Summary The immunotherapeutic efficacy of specific immune plasma was evaluated in pony foals infected experimentally with Rhodococcus equi. Viable R. equi were aerosolised into the right caudodorsal lung of 10 foals at seven days of age. Immune plasma, produced by repeated parenteral administration of viable R. equi to an adult donor gelding, was harvested and frozen. Group 1 (4 foals) and Group 2 (6 foals) foals received lactated Ringer's solution and immune plasma, respectively, at seven and nine days post infection. Clinical signs, haematological alterations, immune responses and thoracic radiographs were monitored throughout the study.
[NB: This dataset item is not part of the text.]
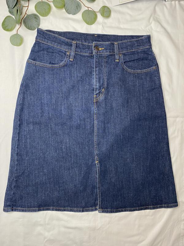 Блакитна джинсова спідниця А-силуету з розрізом спереду.Вона має класичні джинсові деталі :пʼять кишень,ширіньку на блискавці та ґудзик на поясі.Такий фасон вважається універсальним Розмір по бірці 29 НОТ-39 НОБ-48 Довжина-62 93%бавовна 5%поліестер 2%еластан

All foals were destroyed and complete post mortem examinations were performed. All foals developed pneumonia as evidenced by clinical and radiographic alterations. Immune plasma had no significant effect on survival rate, length of survival, temperature response or peripheral blood concentrations of leucocytes, neutrophils or fibrinogen. Enzyme‐linked immunosorbent assay values for R. equi‐specific antibody and serum concentrations of IgG were significantly greater in Group 2 foals following treatment with immune plasma. Post mortem examination of three Group 1 and four Group 2 foals, destroyed because of terminal disease, revealed severe pyogranulomatous pneumonia. The two surviving Group 2 foals were free of gross pulmonary lesions and had minimal microscopic scar formation three months post infection; whereas the one surviving Group 1 foal had a large, encapsulated, caseonecrotic pulmonary mass three months post infection. This study demonstrates that the parenteral administration of R. equi immune plasma to foals seven days after experimental infection with R. equi does not alleviate the clinical signs nor alter the course of disease.